When I started my new job at carsdirect.com, one of the biggest challenge we faced was that the company did a lot of A/B testing, and almost all our pages have different pagesets that looked completely different, and many of them were designed before automation was even a consideration. We can have typically 4 versions of the same page, and it's quite common that few of the pagesets did not share any of the same ids or css selectors.
To solve this problem, I wanted a way to provide an interface for those pages, then subclass them to manage various variations. However, hard coding factories to switch between servering the different variations were becoming cumbersome. So ideally we wanted to have one factory that can do it all for us.
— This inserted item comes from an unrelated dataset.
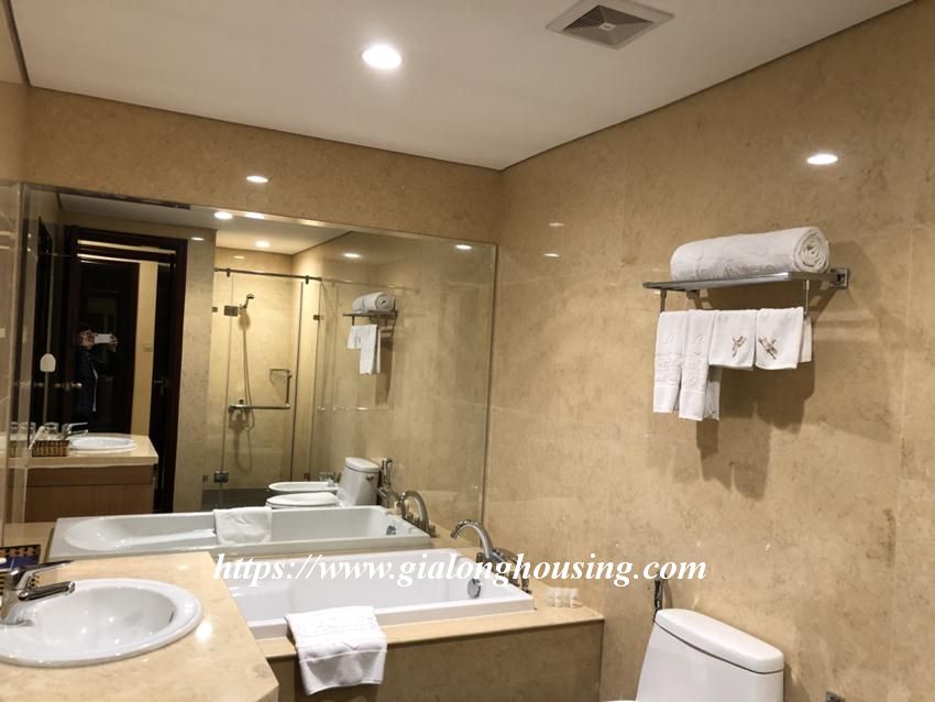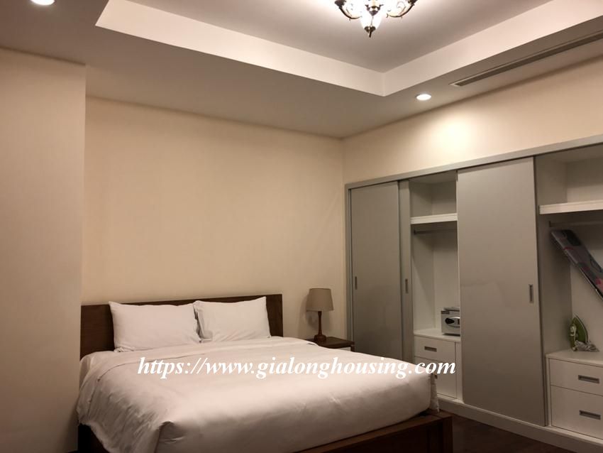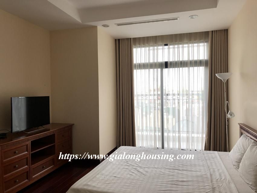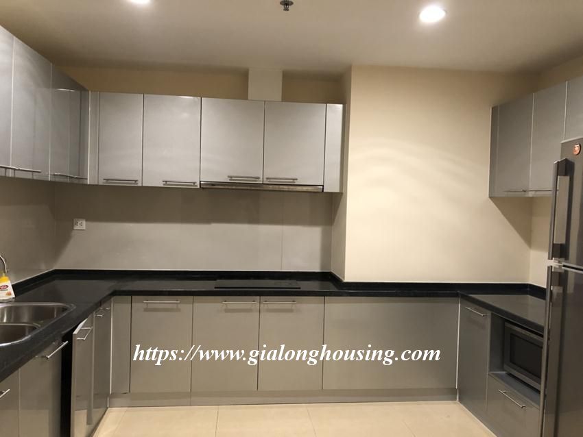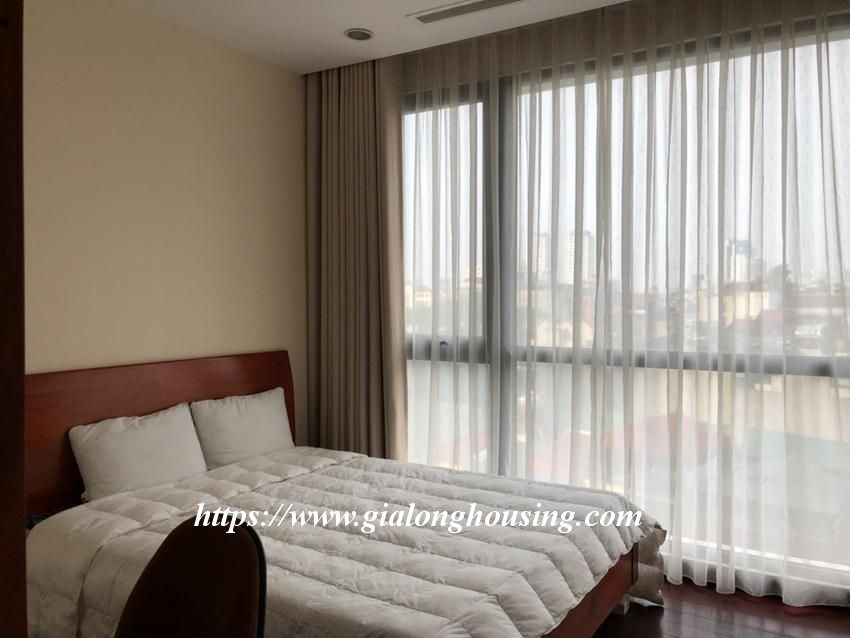 This 3 bedroom apartment is located in R4 building, Royal City, 72 Nguyen Trai, Thanh Xuan district. The total area is 137 sq m, 03 bedrooms and 02 bathrooms with bathtub. The apartment is fully furnished with modern style. The building has indoor and outdoor swimming pool, playground for kids, underground shopping center.

Introducing Generics & Reflection
Introduced in java 5, the ability of using generics, combined with Java's reflections api (http://code.google.com/p/reflections/), we are able to query for classes implementing a interface we pass in. Using that set of classes, we can attempt to instantiate them in a loop then return the best match. Here we use reflections to query for Page Objects matching that interface. Generics is used to infer the type returned using the interface passed in, this avoids unnecessary type casting as Java will know it returns the exact same type as the interfaced passed in.
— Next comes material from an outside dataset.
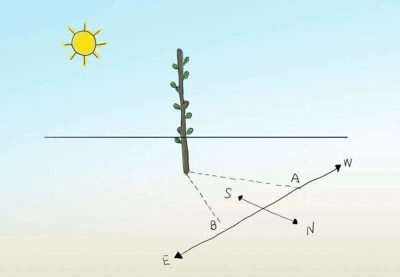 俗话说:“立竿见影”,用一根棍子,将其立在地面,把一块石子放在它影子的顶点A处;约10分钟,影子的顶点移动到B处时再放一块石子,将A、B两点连成一条直线。这条直线的指向是东西方向,与AB线垂直的方向则是南北方向,向太阳的一端是南方,相反方向是北方。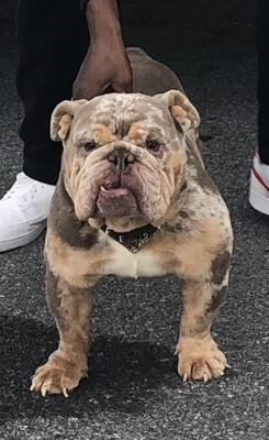 Mr.Casanova is a Lilac Tri Merle AKC English Bulldog 3 time champion grandfather is the first Lil...

public static <T> T constructPage(WebDriver driver,
Class<T> interfaceToProxy) {
// Get interface namespace.
String namespace = interfaceToProxy.getPackage().getName();
// Get a set of classes that implements the interfaces.
Reflections reflections = new Reflections(namespace);
Set<class<? extends T>>; subTypes = reflections
.getSubTypesOf(interfaceToProxy);
for (Class classObj : subTypes) {
try {
T pageInstance = PageFactory.initElements(driver, classObj);
// Page object instantiated correctly, we have found a match to
// return.
System.out.println("Found a matching PageObject: "
+ classObj.getName());
return pageInstance;
} catch (Exception e) {
//These are not the droids you're looking for.
}
}
return null;
}
Each page object will be able to check if it's a matching page object in the constructor. Here each page object can do a check to see if it's the right page object for the job.
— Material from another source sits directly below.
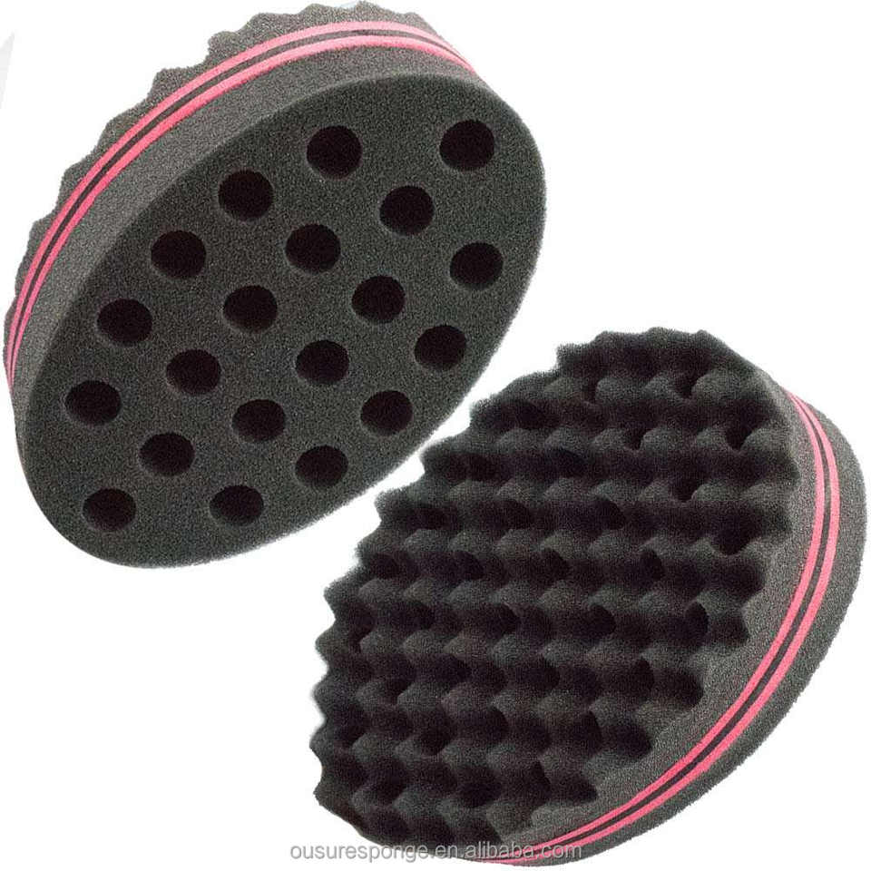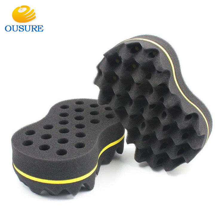 Impression de logo personnalisé d'usine éponge à boucles torsadées en cheveux ondulés des deux côtés haute densité pour hommes noirs

public class GoogleSearchPage implements ISearchPage {
public GoogleSearchPage(WebDriver driver) {
if (!driver.getCurrentUrl().contains("google.com")) {
throw new IllegalStateException("This is not Google Page");
}
}
...
public void search(String query) {
...
}
}
Here's an example of consuming this.
public void test() {
driver.get("http://www.google.com");
ISearchPage page = AdvancedPageFactory.constructPage(driver,
ISearchPage.class);
//See we are on a Google page.
assertTrue(page instanceof GoogleSearchPage);
assertFalse(page instanceof YahooPageSearchPage);
driver.get("http://www.yahoo.com");
page = AdvancedPageFactory.constructPage(driver,
ISearchPage.class);
//See we are on a Yahoo page.
assertTrue(page instanceof YahooPageSearchPage);
assertFalse(page instanceof GoogleSearchPage);
}
Here we just simple pass it the ISearchPage interface, and our Advanced Page Factory will find the matching page and return it to us. None of the messy if/else or switch statements that we normally would have to do in a hard coded factory.
Download the full working example: project_files
To run this example, you will need Java 1.6 or greater installed, and Maven 2/3.